Aquí estoy. Solo y con miedo. Ando por las calles de mi ciudad para ir a comprar alimentos en una pequeña tienda de mi barrio y no consigo consolarme. Hay silencio delante, encima y dentro de mí. Se envuelve de una crudísima circunstancia que nunca había imaginado que viviría. La plaza donde jugué muchas tardes de pequeño está vacía y el bar donde quedaba muchas otras con los amigos lo han vaciado. Existe algo peor que el recuerdo triste, la nostalgia de un tiempo muy presente. Es el punto exacto de mi soledad.

Sabemos que el enemigo es invisible y que se está combatiendo con fuerza en los hospitales, en los cuerpos de las personas que se encuentran en su peor estado, en sus familias, y en todas las personas vulnerables de las que hoy me acuerdo. Está crudo. Y duelen todas y cada una de las muertes. Conocemos la dura realidad con la que están luchando en los hospitales. Y nos emociona. Sin embargo en la calle por la que ando, encuentro poca gente y pocas sonrisas. La resistencia, si no se lucha, parece desdibujar los rostros, los espacios y las emociones de los que andan por las calles.
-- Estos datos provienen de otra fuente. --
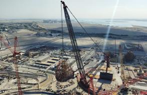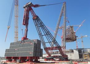 the structure. The heaviest lift reached 612 tonnes, with a working lift radius of over 150 m.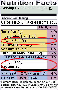 除了标签上通用的格式描述,商家还经常在包装上标出一些营养素的含量描述,比如free(无添加)、Low(低含量)、reduced(减少含量)之类的词语。

Me gustaría ahora mismo poder entrar en cada una de las casas de mi barrio. Descubrir cómo viven mis desconocidos vecinos y también mis conocidos, amigos y familiares. ¿No les pasa? Mientras lo imagino aparecen en mi cabeza actos individuales estoicos, otros de prudencia y justicia. Anarquías nunca realizadas. Son tantos los pequeños mundos que deben haberse construido ahí, detrás de las ventanas que vemos desde la calle, que cada día que pasa de confinamiento, me pregunto con más emoción cómo será el día en que estos mundos llegarán a mí. ¿Cambiará el recuerdo de la plaza donde jugaba de pequeño? La pregunta me estimula. Saber que nada empieza y nada termina, que nuestras vidas se entrelazarán más y viviremos en un continuo mundo me llena de ganas de vivir ese nuevo capítulo. Estoy convencido, preparado y entusiasmado mientras ando solo, y con miedo, por las calles desconocidas de mi vida.